Floating Point Values

There are eight conversion specifiers for floating-point values: eEfFgGaA. But we'll hardly ever need anything except for '%f' and '%g'. The uppercase version uses an uppercase E, while the the lowercase version uses a lowercase e for exponential components.

Usually %g is the go-to conversion specifier for floating-point values. The difference to %f is best illustrated with this sample:

double v[5] = {12345, 12, 0.12, 0.12345678901234, 0.0000012345678901234};
NSString *s = [NSString stringWithFormat:@"%g %g %g %g %g", v[0], v[1], v[2], v[3], v[4]];
// "12345 12 0.12 0.123457 1.23457e-06"
NSString *s = [NSString stringWithFormat:@"%f %f %f %f %f", v[0], v[1], v[2], v[3], v[4]];
// "12345.000000 12.000000 0.120000 0.123457 0.000001"

Like with integer values, we can specify a minimum field width and a minimum number of digits.

Specifying Positions

The format string allows the parameters to be consumed in another order:

[NSString stringWithFormat:@"%2$@ %1$@", @"1st", @"2nd"];
// "2nd 1st"

We simply have to put the 1-based index of the parameter and a $ sign after the %. This is mostly relevant for localized strings, because the order in which certain parts occur in the string might be different for other languages.

NSLog()

The NSLog() function works the same way as +stringWithFormat:. When we call:

int magic = 42;
NSLog(@"The answer is %d", magic);

the code will construct the string in the same way as:

int magic = 42;
NSString *output = [NSString stringWithFormat:@"The answer is %d", magic];

Obviously NSLog() will then also output the string. And it prefixes it with a timestamp, process name, process identifier, and thread identifier.
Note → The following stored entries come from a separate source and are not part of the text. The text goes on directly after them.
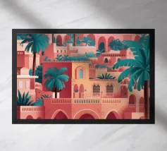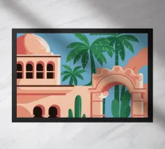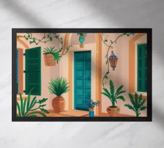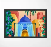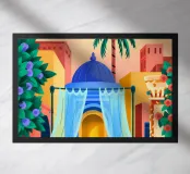 Un cortile con una struttura a cupola blu è ornato da tende fluenti e da una vegetazione lussureggiante. L'atmosfera invitante fonde l'eleganza architettonica con la tranquillità naturale.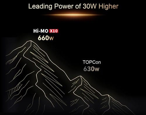 - Rendement élevé : TOPCon offre des performances solides, généralement autour de 23-24 %, mais légèrement inférieures aux modules Hi-MO avec HPBC.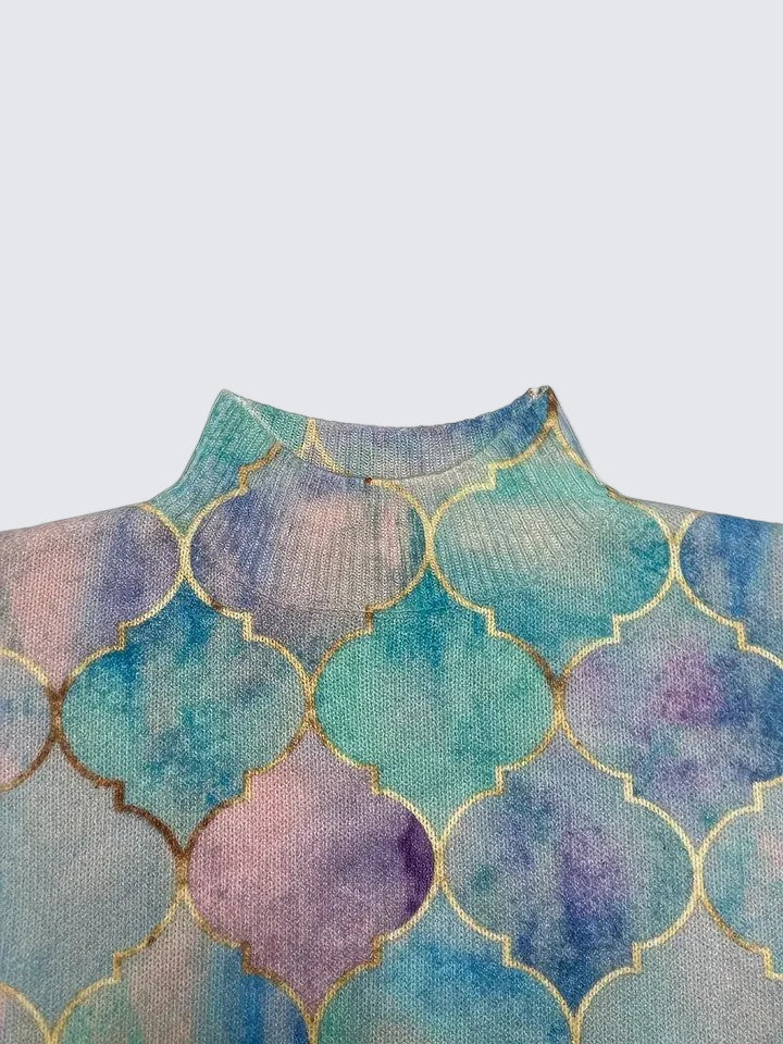 Unikalus dizainas: įspūdinga pastelinių spalvų kombinacija su blizgančiu auksiniu raštu, kuris tikrai išsiskiria.

Implementing Methods that take Format Strings

It's sometimes convenient to provide a method on our own class that also takes a format string. Let's say we're implementing a To Do app which has an Item class. We want to provide:

+ (instancetype)itemWithTitleFormat:(NSString *)format, ...

so we can use it with:

Item *item = [Item itemWithFormat:@"Need to buy %@ for %@", food, pet];

This kind of method, which takes a variable number of arguments, is called a variadic method. We have to use the macros defined in stdarg.h to use these. An implementation of the above method would look like this:

+ (instancetype)itemWithTitleFormat:(NSString *)format, ...;
{
    va_list ap;
    va_start(ap, format);
    NSString *title = [[NSString alloc] initWithFormat:format locale:[NSLocale currentLocale] arguments:ap];
    va_end(ap);
    return [self itemWithTitle:title];
}

Additionally, we should add NS_FORMAT_FUNCTION to the method definition (in the header file), like so:

+ (instancetype)itemWithTitleFormat:(NSString *)format, ... NS_FORMAT_FUNCTION(1,2);

The NS_FORMAT_FUNCTION expands to a method __attribute__, which tells the compiler that the argument at index 1 is a format string, and that the arguments start at index 2. This allows the compiler to check the format string and output warnings in the same way it would do for NSLog() and -[NSString stringWithFormat:].

Characters and String Components

Given a string like "bird," it is straightforward to know what the individual letters are. The second letter is an "i" (Unicode: LATIN SMALL LETTER I). For a string like Åse, it's not that simple.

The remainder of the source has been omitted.